O cinema num regime totalitário

09 2015 | 9a edição
Texto/Ng Kin Ling

O filme iraniano Taxi venceu este ano dois importantes prémios do Festival Internacional de Cinema de Berlim—o Urso de Ouro para melhor filme e o prémio da Federação Internacional de Críticos de Cinema, Fipresci. Jafar Panahi escreveu, realizou e representou neste falso documentário, interpretando o papel de um taxista que, num ambiente de repressão governamental, instala uma câmara de vídeo no tablier do táxi e filma secretamente diversos passageiros para abordar várias questões sociais do Irão.


Não é a primeira vez que um filme iraniano leva para casa um prémio internacional. Em 2009, About Elly, com direcção de Asghar Farhadi, venceu o Urso de Prata para melhor realizador no Festival Internacional de Cinema de Berlim; e em 2011 Uma Separação, do mesmo realizador, foi eleito o melhor filme estrangeiro na 84ª edição dos Óscares da Academia e na 69ª edição dos Globos de Ouro, vencendo também o Urso de Ouro no Festival Internacional de Cinema de Berlim. Adepto de Hitchcock, Asghar Farhadi é especialista em trabalhar as batalhas interiores da mulher em sociedades autoritárias.
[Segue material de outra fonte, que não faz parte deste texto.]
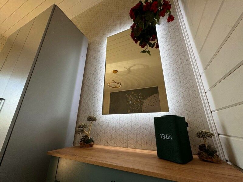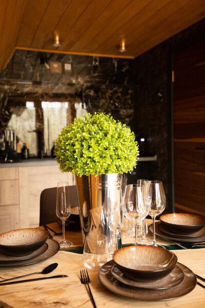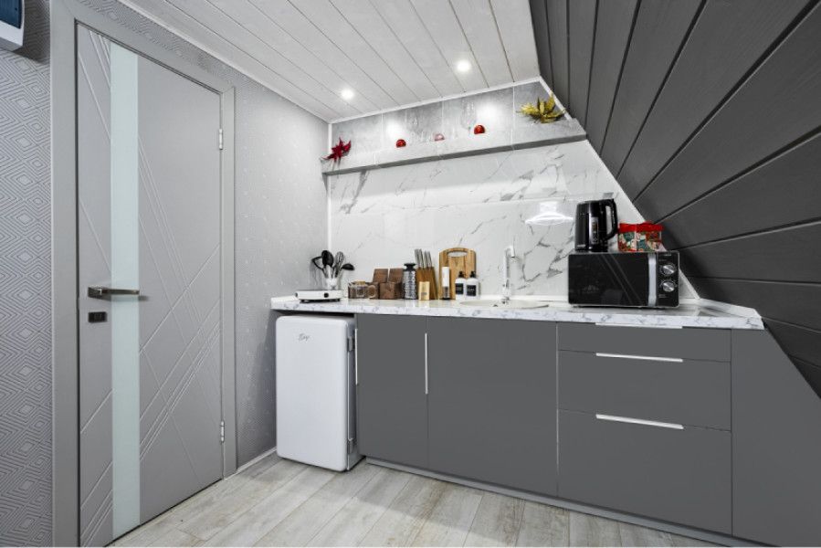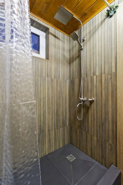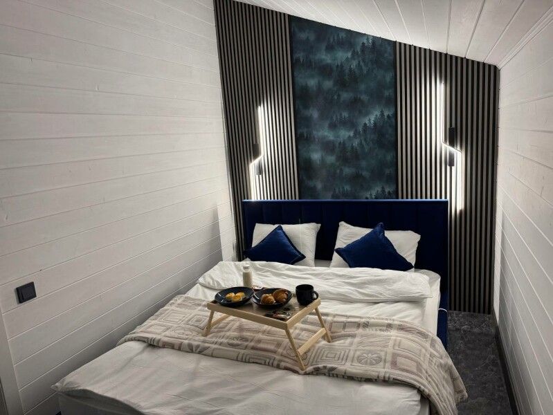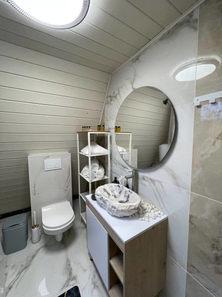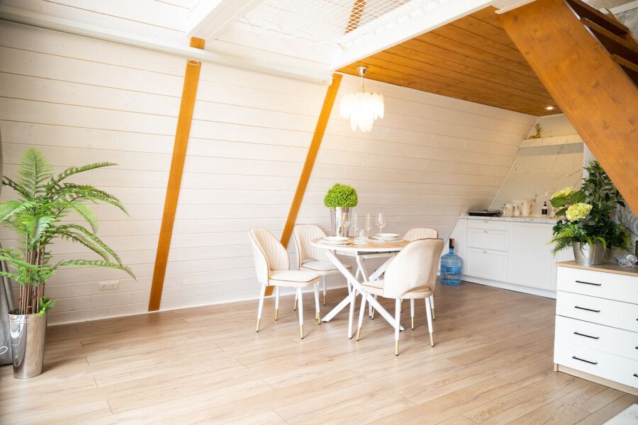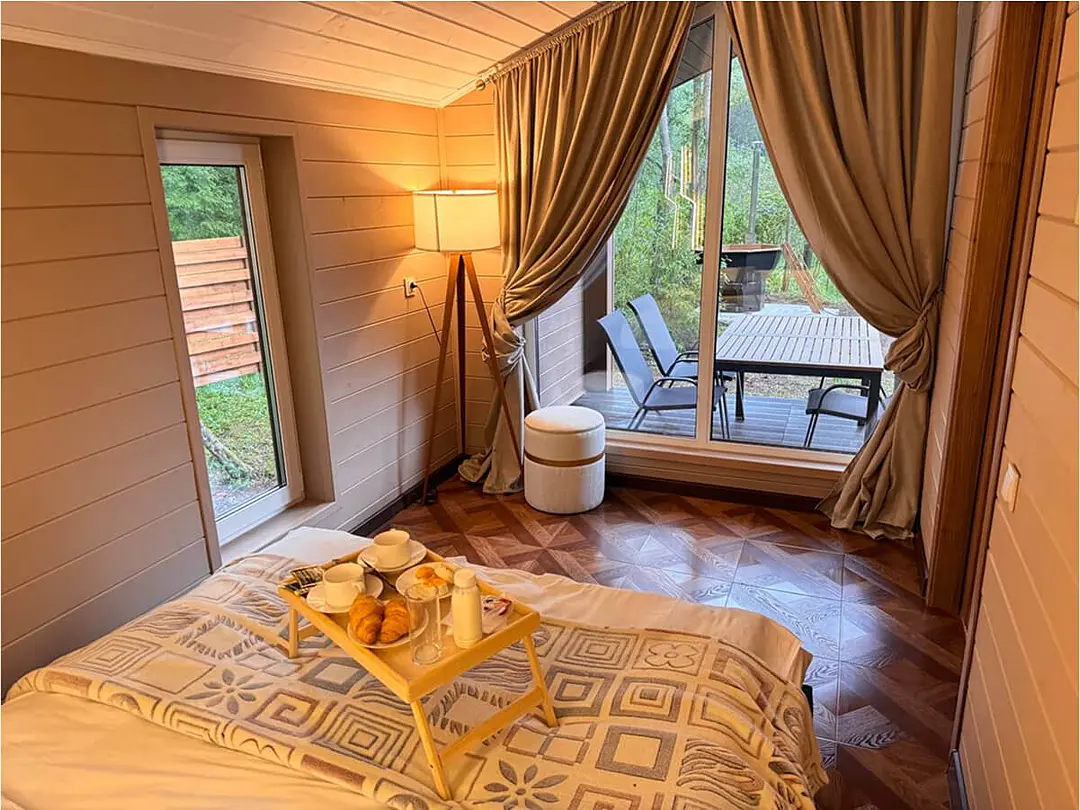 Внутри дома есть все необходимое для комфортного проживания: кухня, оборудованная всем необходимым, ванная комната с душевой кабиной и санузлом, обеденный стол и уютный диван, где всегда можно провести время за просмотром любимого фильма.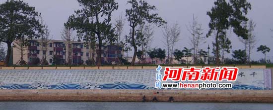“千米九龍壁”景觀位于漯河市郾城區(qū)鎮(zhèn)河鐵牛處的河堤內(nèi)側(cè),西起107國道沙河大橋,往東延綿千余米,由3萬多塊瓷磚拼貼組合,面積約6000平方米,壁畫中形態(tài)各異的九條龍呈現(xiàn)于水天之間,象征著團結凝聚、奮發(fā)開拓、天地和諧的龍的精神,是迄今為止世界上規(guī)模最大的陶瓷九龍壁畫。 (馬艷梅 中新社河南分社發(fā) 特邀攝影師 徐琳瑯 攝)
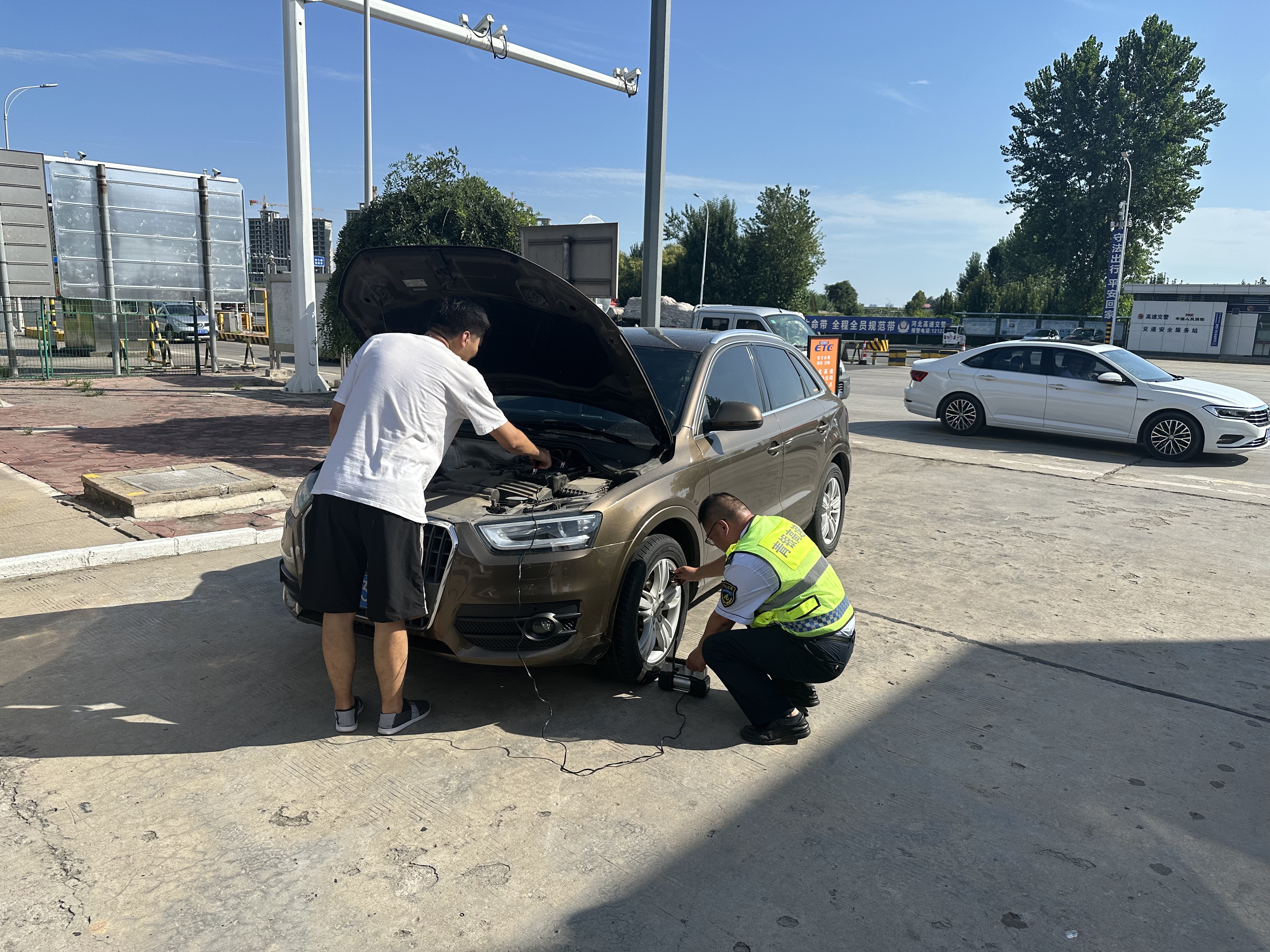 8月25日下午15时,宁晋收费站疏导员在收费广场指挥交通时,发现一辆小轿车左前轮胎明显亏气,存在安全隐患,便立即告知司机。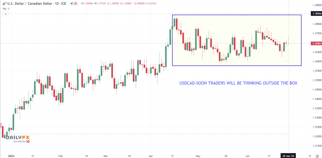 USDCAD has been boxed inside a 1.3550-1.3850 since April 10 and is in the middle of that range currently.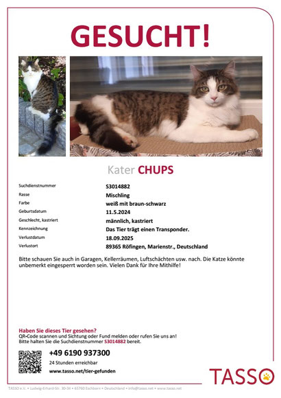 Weitere Angaben zu Chups finden Sie in seinem Suchplakat.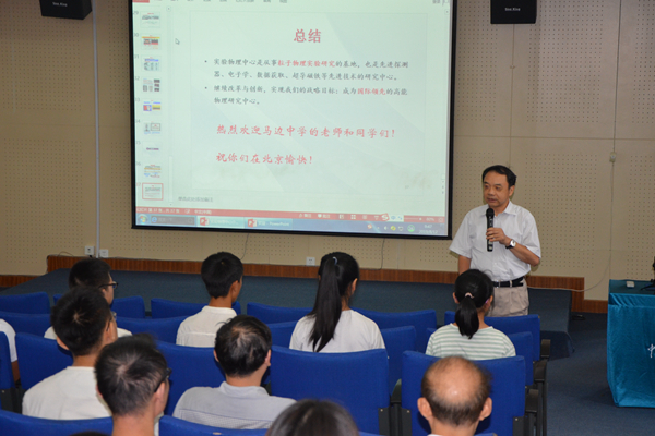 在12日举行的实验物理中心党员大会上,马边中学唐勇老师向中心全体党员介绍了马边中学的教育发展情况,并报告了近几年的高考录取的统计情况。结果表明,“高能奖学金”设立以来,马边中学的升学情况稳步提升。奖学金的设立以及与高能所的交流活动,使马边师生开阔了眼界,受到了鼓舞,信心有很大的增强,学生学习的主动性也明显提高。唐勇表示,马边中学要继续抓好教师队伍建设,努力提升教学水平,为民族地区教育事业的发展和人才培养作出应有的贡献。实验物理中心党总支书记王铮介绍了实验物理中心的科研工作、人员组成和学术交流情况。最后,高能所所长王贻芳致辞,对马边中学师生的到访表示热烈欢迎,并热情鼓励同学们不断开拓视野、努力学习、再创佳绩。

Fazer filmes no Irão não é nada fácil: com a Revolução Iraniana de 1979, o governo começou a asfixiar a indústria cinematográfica, acusando-a de “corrupção moral”. Isto durou até 1997, quando o reformista Mohammad Khatami subiu à presidência e implementou uma política liberal e inclusiva para a cultura. A partir dessa altura, o cinema iraniano começou a correr mundo e a ser galardoado, como é caso de The Children of Heaven, Taste of Cherry, entre outros. Mas quando Hawkish Mahmoud Ahmadinejad subiu ao poder em 2005, a censura voltou a limitar a indústria do cinema, levando até à detenção e prisão de produtores cinematográficos. Em 2010, Asghar Farhadi fez um apelo ao governo para permitir o regresso ao país de cineastas no exílio, sendo fortemente criticado pelas autoridades. A produção de Uma Separação esteve interrompida até Farhadi pedir desculpas publicamente. Jafar Panahi esteve seis anos preso por “colocar em perigo a segurança nacional” e foi proibido de sair do país e conceder entrevistas nos últimos 20 anos.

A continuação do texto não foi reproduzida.